EXCERPTED DATA >>
========================================
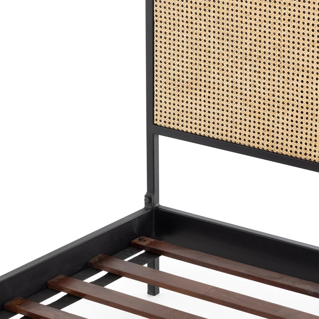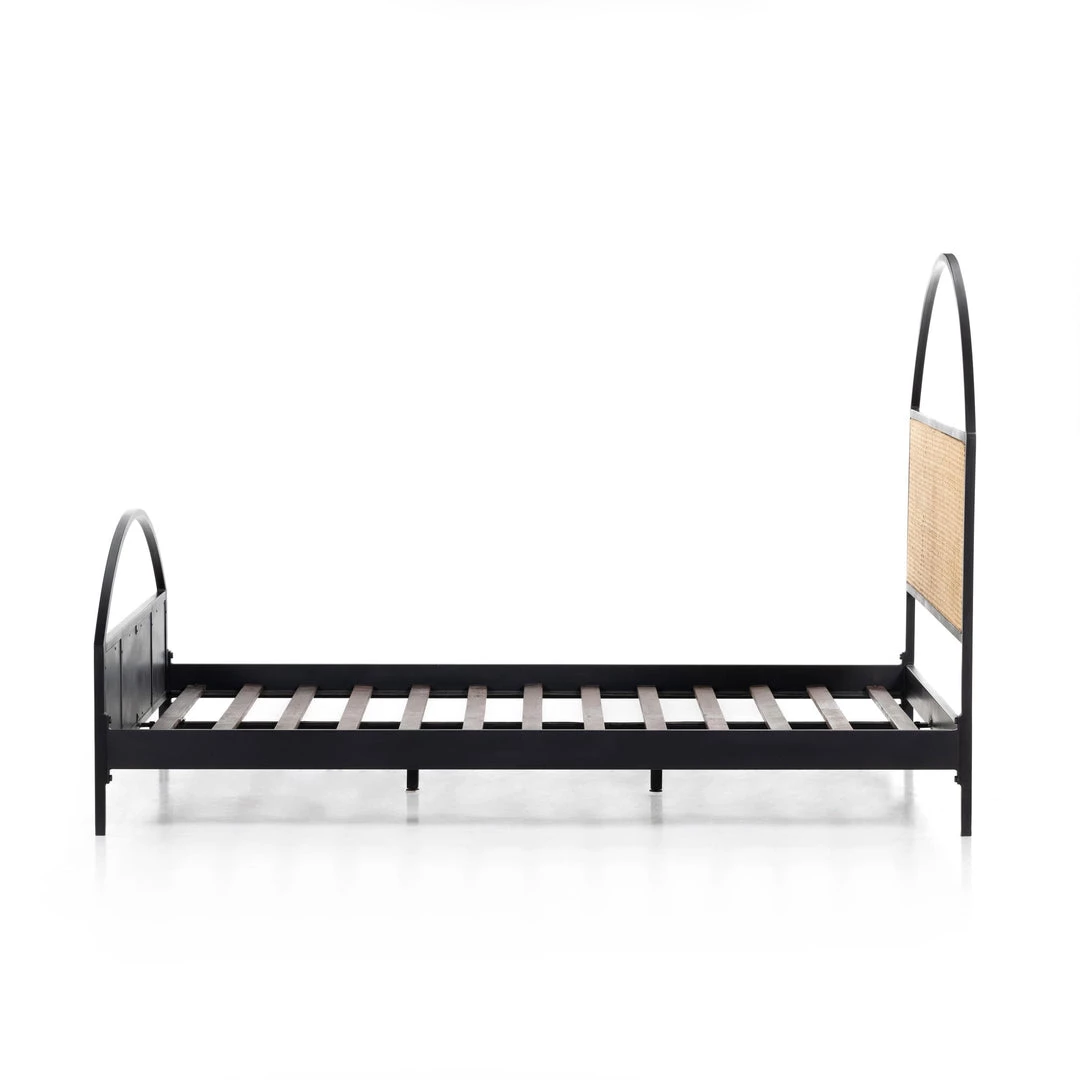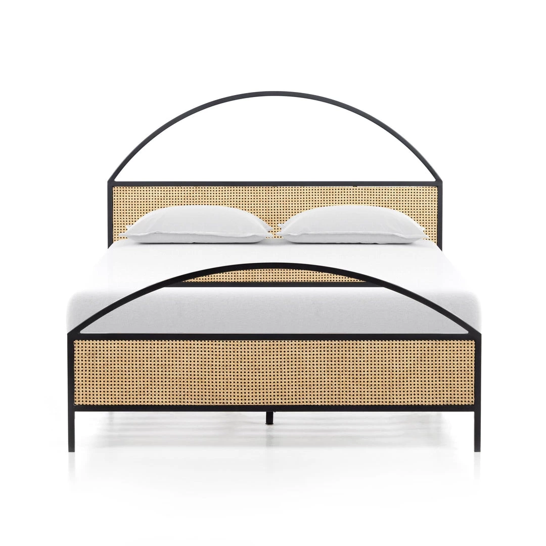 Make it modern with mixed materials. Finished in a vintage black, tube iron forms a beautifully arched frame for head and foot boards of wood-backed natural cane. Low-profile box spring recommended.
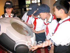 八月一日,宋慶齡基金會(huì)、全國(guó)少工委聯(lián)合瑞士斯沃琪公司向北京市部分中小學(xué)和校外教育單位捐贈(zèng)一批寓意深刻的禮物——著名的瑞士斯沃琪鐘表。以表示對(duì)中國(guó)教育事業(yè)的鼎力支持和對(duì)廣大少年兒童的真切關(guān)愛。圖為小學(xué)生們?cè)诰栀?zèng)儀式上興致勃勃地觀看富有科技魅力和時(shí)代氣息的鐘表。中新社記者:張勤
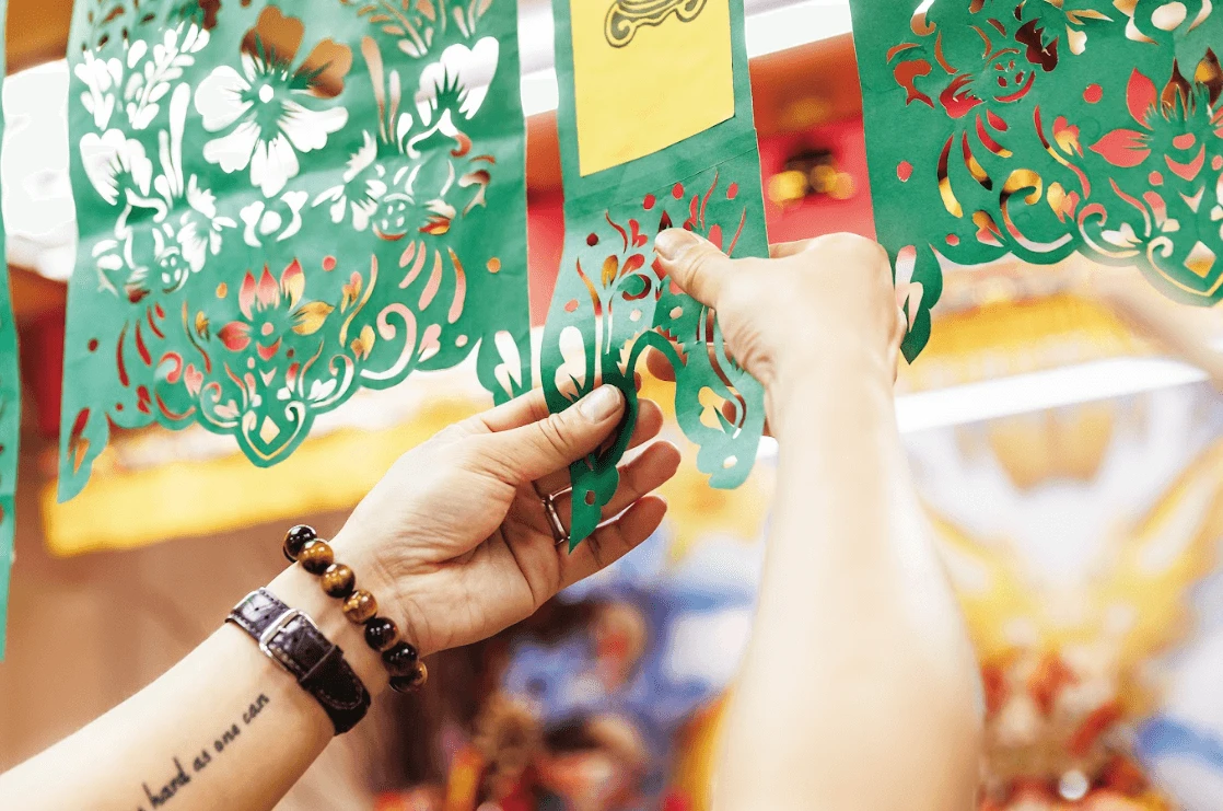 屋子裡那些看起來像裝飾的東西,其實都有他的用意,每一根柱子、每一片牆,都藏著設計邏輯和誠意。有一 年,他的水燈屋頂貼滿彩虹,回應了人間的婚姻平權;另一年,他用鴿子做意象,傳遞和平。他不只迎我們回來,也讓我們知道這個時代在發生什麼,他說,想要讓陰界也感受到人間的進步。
========================================
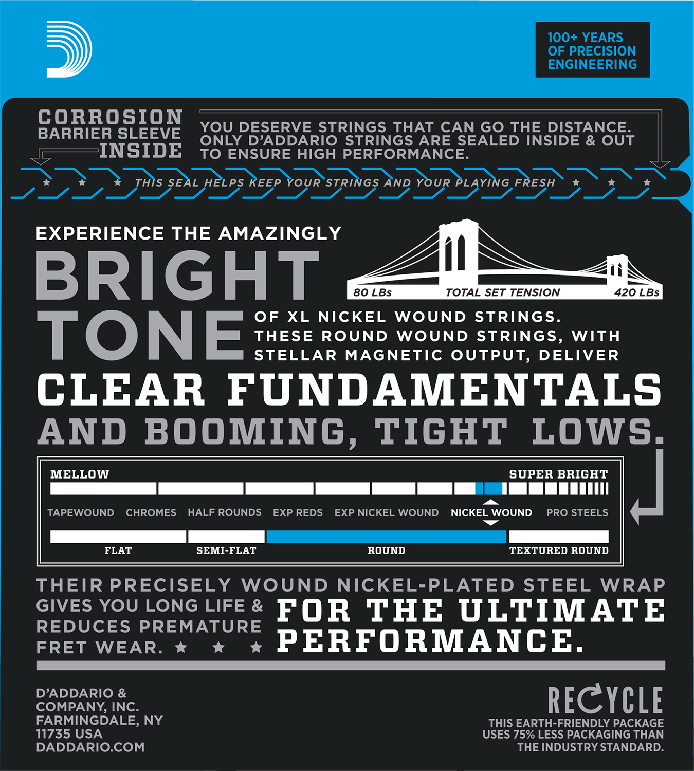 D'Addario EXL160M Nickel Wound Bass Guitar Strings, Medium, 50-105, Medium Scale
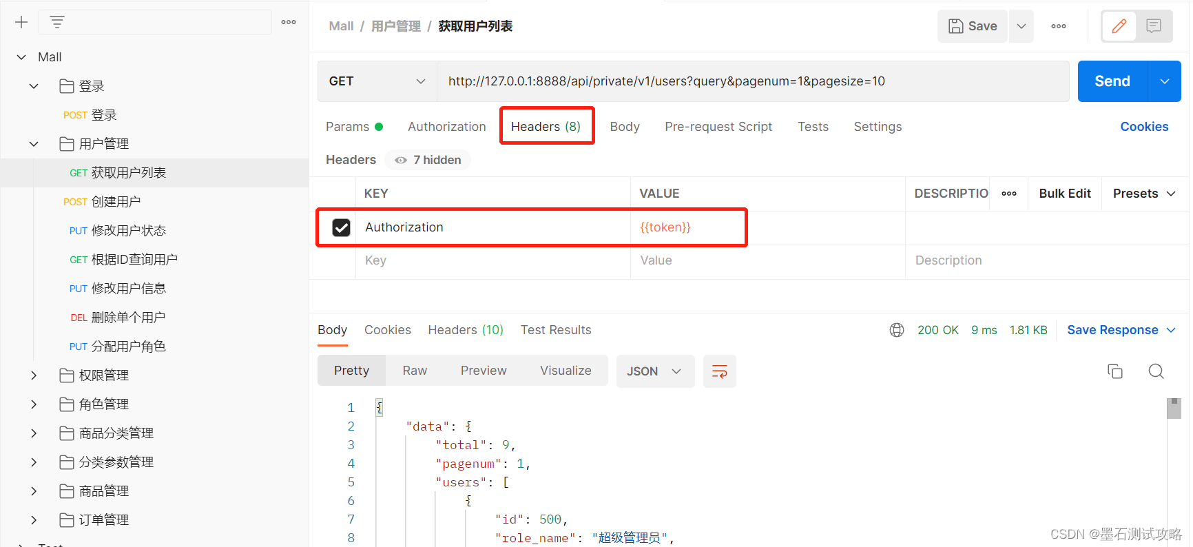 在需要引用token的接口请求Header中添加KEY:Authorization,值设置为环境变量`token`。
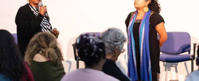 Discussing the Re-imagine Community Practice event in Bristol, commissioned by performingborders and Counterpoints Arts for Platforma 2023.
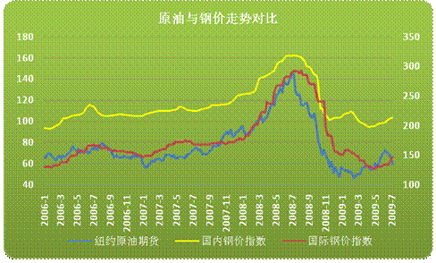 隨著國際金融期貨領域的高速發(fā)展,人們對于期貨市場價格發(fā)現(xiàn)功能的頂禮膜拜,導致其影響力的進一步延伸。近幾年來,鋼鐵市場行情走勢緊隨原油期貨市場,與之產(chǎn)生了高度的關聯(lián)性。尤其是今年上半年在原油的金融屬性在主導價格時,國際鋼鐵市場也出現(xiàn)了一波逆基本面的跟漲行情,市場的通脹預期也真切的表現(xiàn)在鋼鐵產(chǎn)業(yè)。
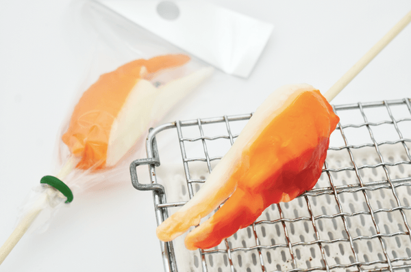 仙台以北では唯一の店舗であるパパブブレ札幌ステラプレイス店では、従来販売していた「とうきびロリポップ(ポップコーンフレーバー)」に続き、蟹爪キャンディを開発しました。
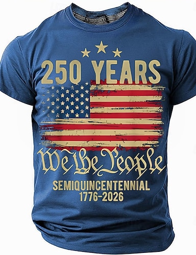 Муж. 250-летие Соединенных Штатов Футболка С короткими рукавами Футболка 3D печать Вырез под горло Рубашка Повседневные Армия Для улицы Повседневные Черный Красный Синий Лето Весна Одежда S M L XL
========================================
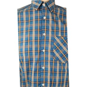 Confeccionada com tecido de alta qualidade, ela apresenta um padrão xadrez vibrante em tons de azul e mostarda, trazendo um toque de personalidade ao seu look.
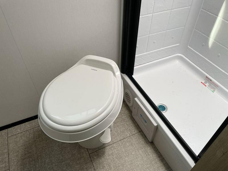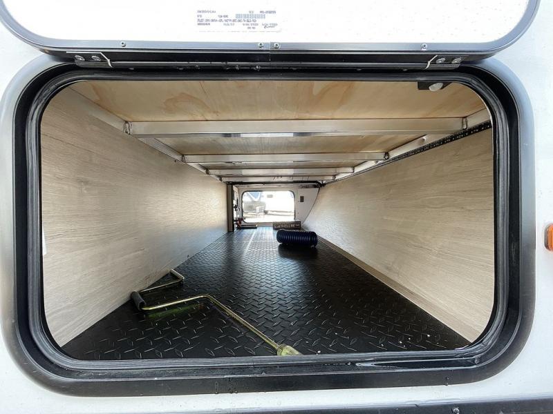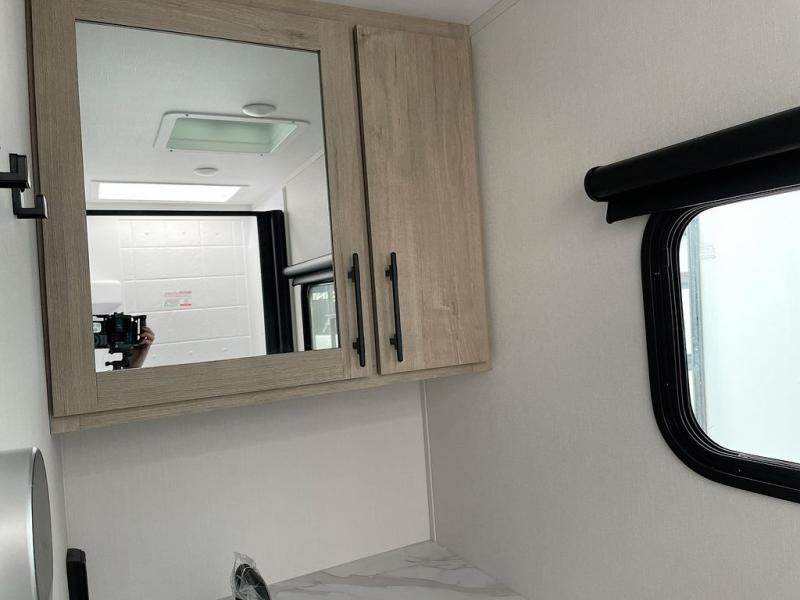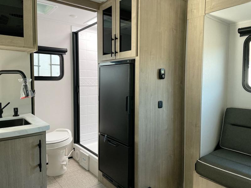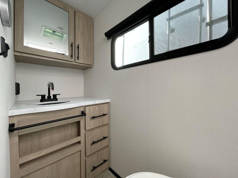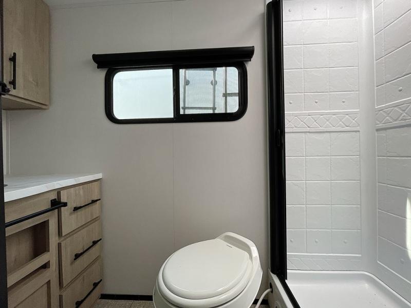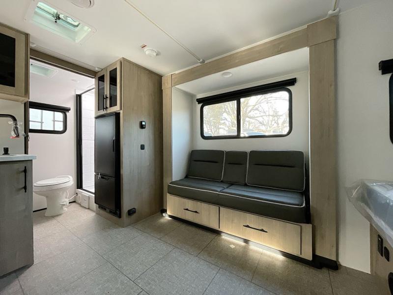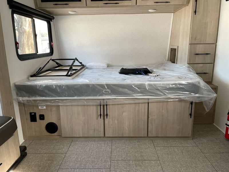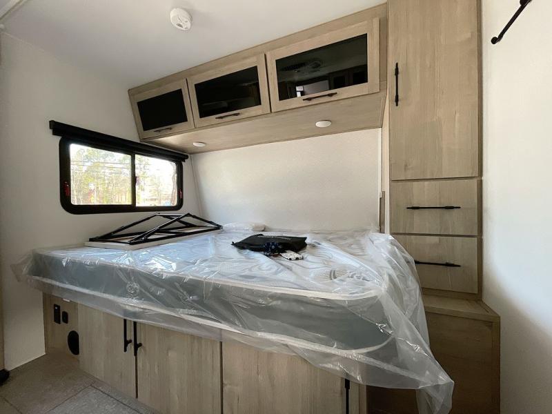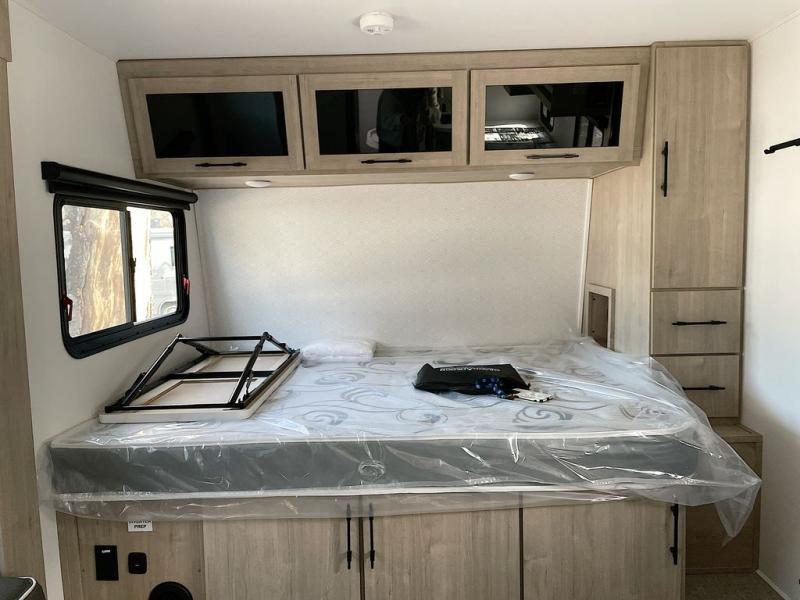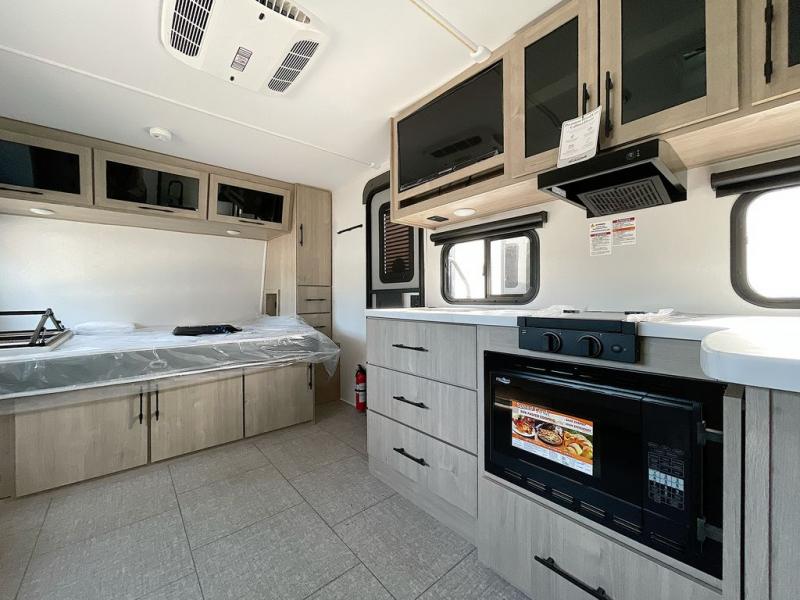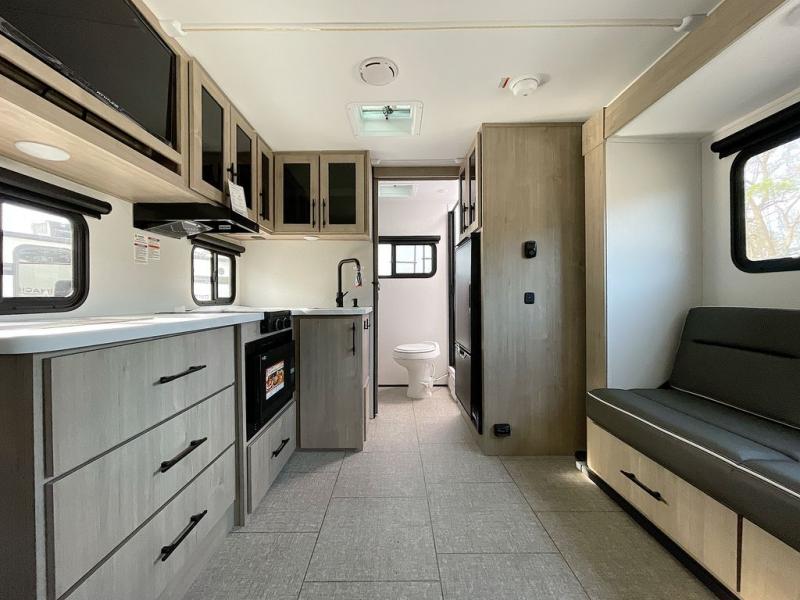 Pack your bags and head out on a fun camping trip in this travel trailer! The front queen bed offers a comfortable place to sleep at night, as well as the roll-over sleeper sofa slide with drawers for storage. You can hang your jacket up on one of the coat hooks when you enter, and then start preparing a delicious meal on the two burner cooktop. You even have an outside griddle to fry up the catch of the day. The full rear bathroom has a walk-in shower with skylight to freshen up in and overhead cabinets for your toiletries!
========================================
Take only the lines above from the one that has "D'Addario EXL160M Nickel" through the one that has "隨著國際金融期貨領域的高速發" and reproduce them exactly, omitting any pictures.

 D'Addario EXL160M Nickel Wound Bass Guitar Strings, Medium, 50-105, Medium Scale
 在需要引用token的接口请求Header中添加KEY:Authorization,值设置为环境变量`token`。
 Discussing the Re-imagine Community Practice event in Bristol, commissioned by performingborders and Counterpoints Arts for Platforma 2023.
 隨著國際金融期貨領域的高速發(fā)展,人們對于期貨市場價格發(fā)現(xiàn)功能的頂禮膜拜,導致其影響力的進一步延伸。近幾年來,鋼鐵市場行情走勢緊隨原油期貨市場,與之產(chǎn)生了高度的關聯(lián)性。尤其是今年上半年在原油的金融屬性在主導價格時,國際鋼鐵市場也出現(xiàn)了一波逆基本面的跟漲行情,市場的通脹預期也真切的表現(xiàn)在鋼鐵產(chǎn)業(yè)。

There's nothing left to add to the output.